Короткий адрес: https://sciup.org/148329645

IDR: 148329645   |   DOI: 10.31772/2712-8970-2022-23-3-498-507

Текст научной статьи Method for processing the results of cavitation tests of TNA pumps in order to obtain an approximating function

One of the most critical and energy-intensive components of a liquid-propellant rocket engine is a turbopump unit (TPU), which is necessary to ensure a continuous supply of fuel components to the engine chamber at a given flow rate and pressure. The following requirements are imposed on TPU as a unit of a liquid-propellant rocket engine (LRE):

  • –    ensuring operability and basic parameters for a given resource with the necessary possible pauses of a specified duration;

  • –    ensuring the supply of fuel components with the required flow rate and pressure in all engine operating modes, with a high degree of reliability, with an acceptable efficiency of the entire unit and a minimum manufacturing cost;

  • -    ensuring the minimum size and weight of the entire propulsion system (PS) due to the smallest overall dimensions and weight of the TPU itself.

During the operation of the TPU, a cavitation phenomenon may occur in the pump, which adversely affects the fulfillment of the above requirements. Cavitation is the process of bubble growth in a liquid due to the dynamic decrease in pressure to saturated vapor pressure, which occurs at a constant temperature [1]. This process is similar to boiling (bubble growth caused by an increase in the temperature of the liquid). During cavitation, the bubble itself in the liquid changes dynamically: first, growth occurs, then, if it is not subjected to increasing pressure, growth will first stop and the bubble will begin to compress. The bubble will then collapse and probably disappear due to the dissolution of the gases and the condensation of the vapor. The collapse occurs abruptly if the vapor bubbles, or cavities, contain a small amount of gas, and less abruptly if the content in them is significant. Thus, cavitation includes a number of phenomena from the cjnception of a bubble to its collapse [2]. The phenomenon itself leads to a decrease in the operating parameters of the pump, which may affect the operation of the liquid rocket engine as a whole. With a longer exposure, due to local increases in pressure due to the collapse of the bubbles, cavitation causes deformation of the pump impeller - the so-called cavitation erosion.

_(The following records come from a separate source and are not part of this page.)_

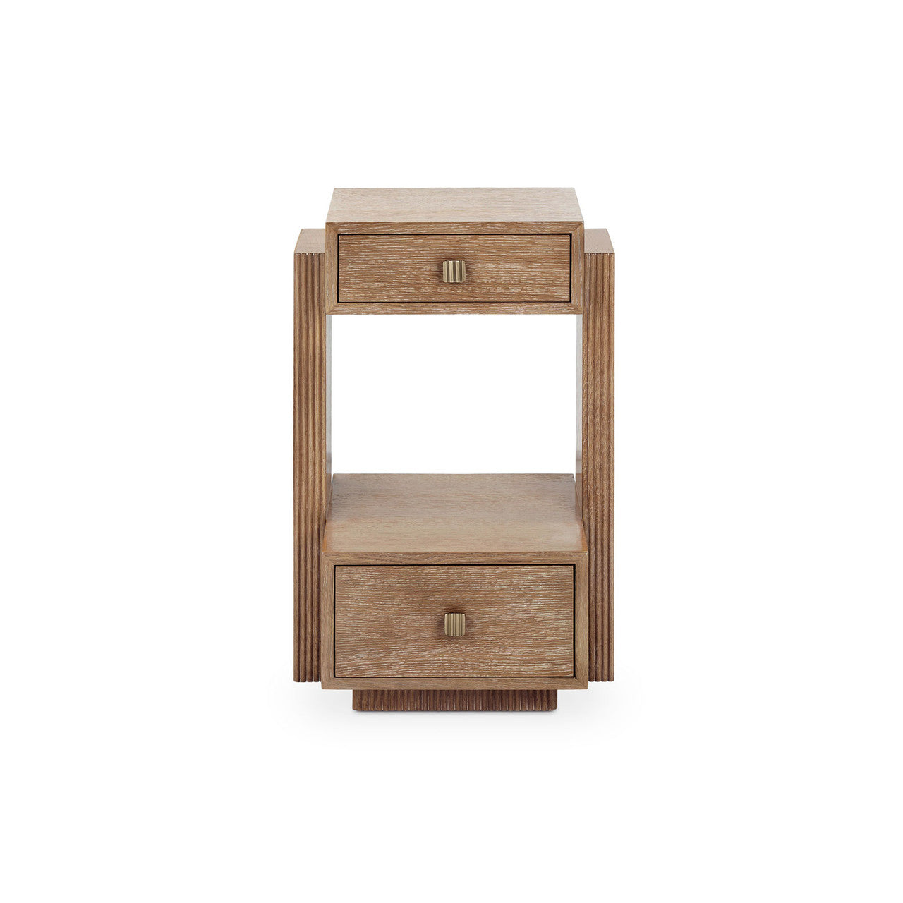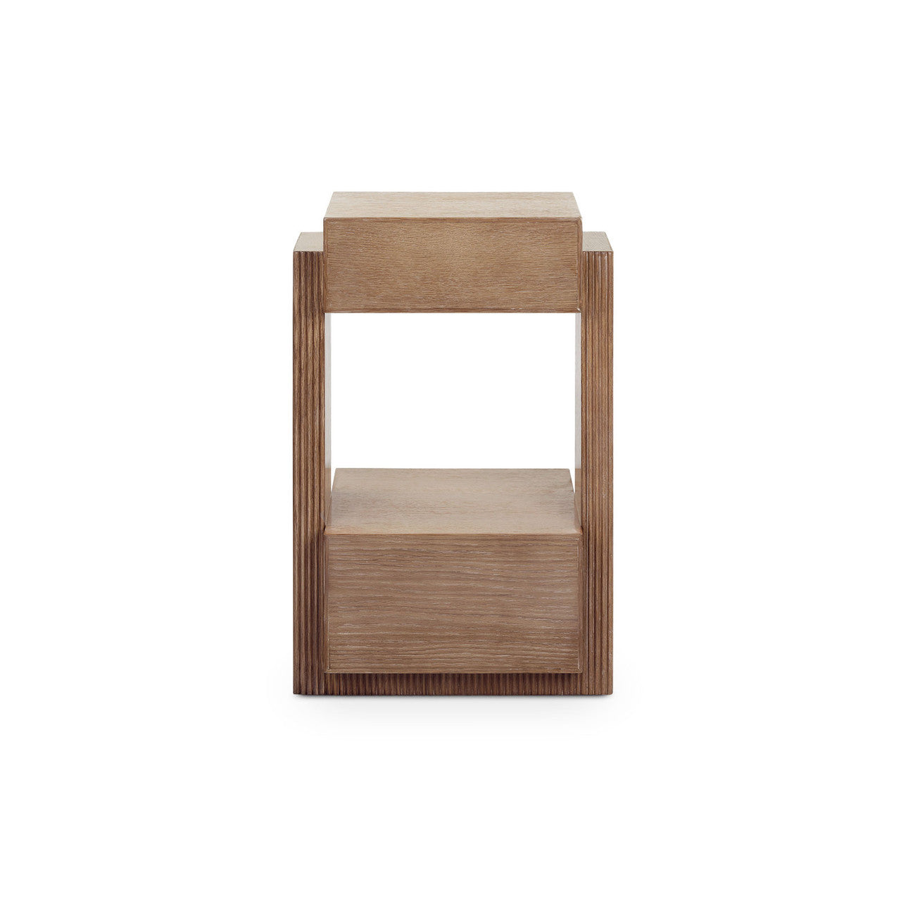 The Warren 2-Drawer End Table blends bold geometry with rich texture for a look that’s both modern and architectural. Its boxy silhouette rests on a platform base, while two rectangular drawers frame an open shelf space, creating an airy counterpoint to its solidity. The front edges of the side panels, base, and drawer pulls are detailed with a ribbed pattern, adding depth and visual interest to the clean lines. Equal parts form and function, the Warren brings a fresh perspective to contemporary design.
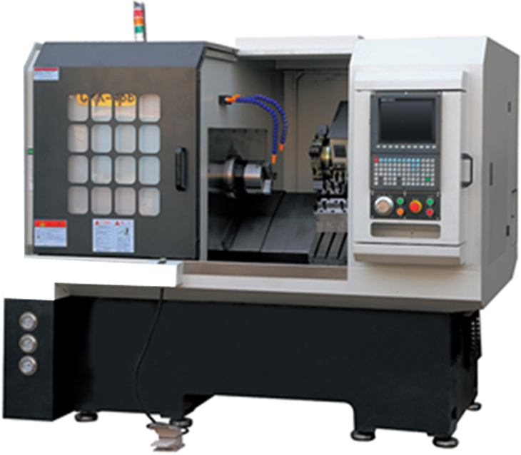 机床配备12工位卧式带Y轴升降动力刀塔,可完成车削以外的钻削、攻丝、键槽、六角等复合加工,提高零件加工的工序集中能力和加工精度。
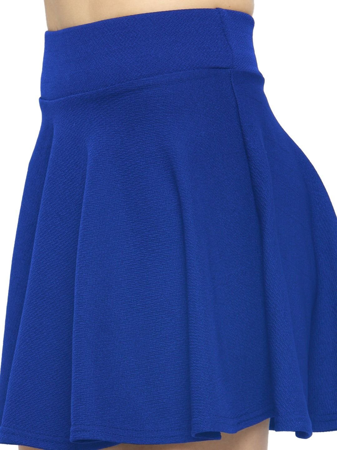 N-Gal Women's Polyester Lycra High Waist Flared Knit Skater Short Mini Skirt _RoyalBlue
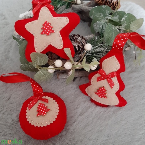 Filc karácsonyi dísz szett - pirosban, fenyőfával
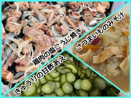 今日の献立は、?鶏肉の塩こうじ焼き・さつまいものみそ汁・きゅうりの甘酢あえ・ごはん・牛乳でした。
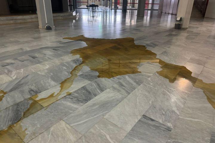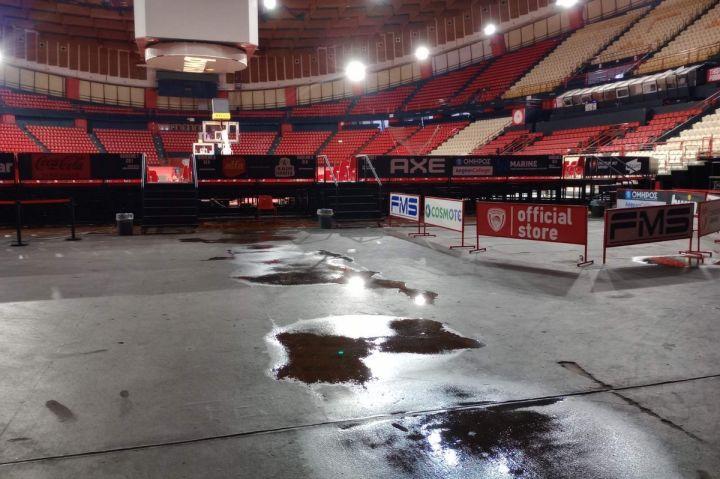 Η οροφή του ΣΕΦ στάζει σε πολλά σημεία, με τους «ερυθρόλευκους» να προσπαθούν να βελτιώσουν την κατάσταση, την ίδια στιγμή που προς το παρόν δεν μπορεί να υπολογιστεί το μέγεθος της ζημιάς στο παρκέ, αφού αυτό μπορεί να εκτιμηθεί αφού απομακρυνθεί το νερό.
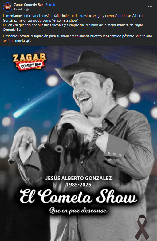 El gremio de la comedia en Nuevo León se encuentra de luto tras confirmarse el fallecimiento de Jesús Alberto González, mejor conocido como “El Cometa Show”, figura querida en los escenarios regiomontanos y parte fundamental del ambiente humorístico del norte del país.
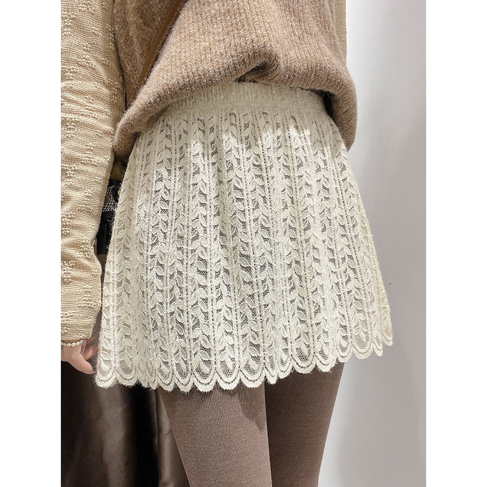 蕾丝小屁帘女下摆秋冬季卫衣毛衣遮屁股打底叠穿内搭花边裙罩白色
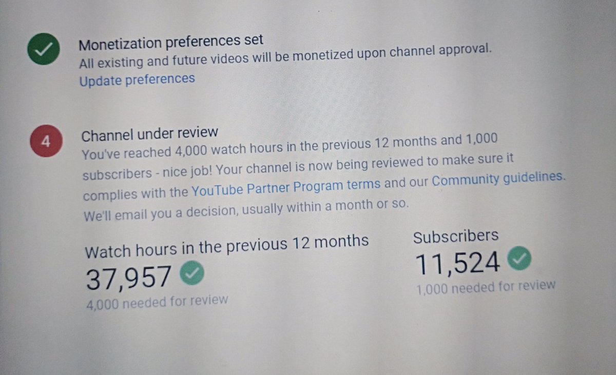 Dear @TeamYouTube despite my hard work & having subscribers of near 12K & view hours of 34,000 Hours,with no copyright issue,my channel is still not monetized....Its been long...Totally depressed & hypo energetic..... Please help to gain my energy back.... @TeamYouTubepic.twitter.com/0DxIttbXnQ
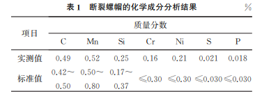 對數(shù)控車斷裂螺帽取樣進行化學(xué)成分分析,結(jié) 果如表1所示,可見螺帽的主要化學(xué)成分滿足 GJB 1951—94《航空用優(yōu)質(zhì)結(jié)構(gòu)鋼棒規(guī)范》對45鋼的 要求。
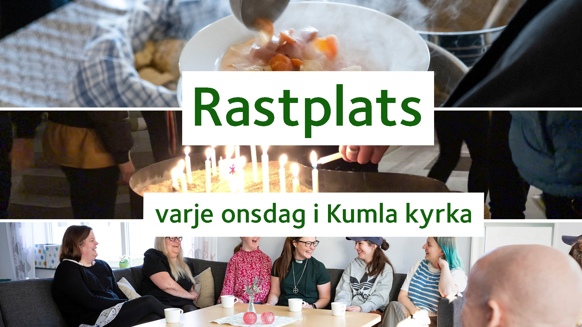 Mellan kl. 17.00-17.45 serverar vi en enkel soppa med bröd. Gemenskap kring borden står i fokus. Här får du landa efter en dag som kan ha varit full med allt möjligt. Ett tillfälle att äta tillsammans, bli sedd och känna värme och gemenskap.
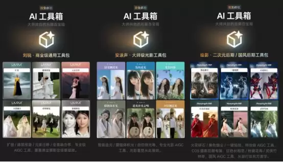 像素蛋糕9.0通过与刘锐、安涂声、绘影等业内顶尖大师深度合作,将专业级的AIGC能力直接封装成简单易用的“AI工具箱”。这使得每个有创作想法的人,都能实现过去只有“后期技术大师”才能完成的效果。工具箱涵盖了商业级的图像修复、大师级的光影塑造,以及二次元与国风的风格化创作。过去,实现类似效果需要修图师自行部署复杂的ComfyUI工作流,面临学习成本高、设备要求高、上手门槛高的“三高”难题。而现在,像素蛋糕通过整合各类顶尖后期能力,显著降低了AIGC效果的使用门槛,并能实现客片交付级的品质。这些出色的大师级能力被集成进像素蛋糕,让更多用户真正实现“点一下即出图”,让每个人都能成为自己生活的视觉大师。
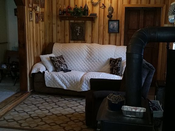 Home is located on a little under an acre of land. Roof replaced in 2007, new furnace(oil), new carpet throughout the house, new water lines from well to house, new well pump, new hot water tank. Windows were replaced in 2008. this home is a perfect starter home. I have lived here close to 20 years, This home also has a detached oversized garage. Selling the stove, refrigerator, washer and dryer with the house. Lot's of closet space. 3 bedrooms, 2 baths, office, mudroom and living room. Woodstove also in the home is only 3 years old. Simple living. Mobile home deed was retired. Mobile is unable to be moved. Taxes are low. Two out buildings, lot's of storage.
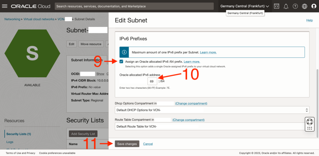 W oknie, które wysunie się z prawej strony, w sekcji IPv6 Prefixes zaznaczamy Assign an Oracle allocated IPv6 /64 prefix [9], a gdy to zrobimy pokaże nam się jeszcze dodatkowe pole tekstowe [10], w które musimy wpisać dowolną dwu-znakową wartość heksadecymalną pomiędzy 00 a FF. Nie ma znaczenia co tutaj podamy, więc załóżmy, że będzie to 69 (😎). Pozostaje nam jeszcze potwierdzić przyciskiem Save changes [11].
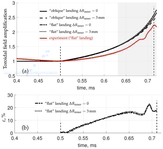 - The trapping and compression of the toroidal magnetic flux enclosed between the liner and the centre shaft, achieved in the Prototype 0 experiment, were successfully replicated in simulations. Simulation results provide an upper bound for the compression of toroidal flux by assuming instantaneous electrical contact between the liner and the centre shaft, whereas experimental results indicate that it takes time to establish good electrical contact, which leads to a slower rate of flux compression at early stages. The Prototype 0 experiment demonstrated toroidal field amplification by a factor of , and simulations reproduced this within a relative error margin of .

Due to the impact of cavitation, there is a question of taking this phenomenon into account when designing a TPU and developing a technique that allows simulating the cavitation flow during pump operation. Such techniques exist. For example, they are described in [3; 4]. There are also methods of computational fluid dynamics (CFD) that make it possible to numerically simulate the cavitation flow in various units (pump impeller, turbine propeller, hydraulic wing, various objects in a liquid) and using media with different viscosities and surface tensions, including cryogenic ones. These techniques are presented in [5–7].

From a technical point of view, the oxidizer and fuel pumps are designed to supply fuel components to the gas generators and the engine chamber supply manifold. The main working element of the pump is a closed-type impeller with a one-way inlet, less often a two-way inlet [8]. To improve the anti-cavitation qualities of the pump, an auger is installed at the inlet in front of the impeller. Typically, the impellers are cast from a high-strength aluminum alloy; the screws are made of steel.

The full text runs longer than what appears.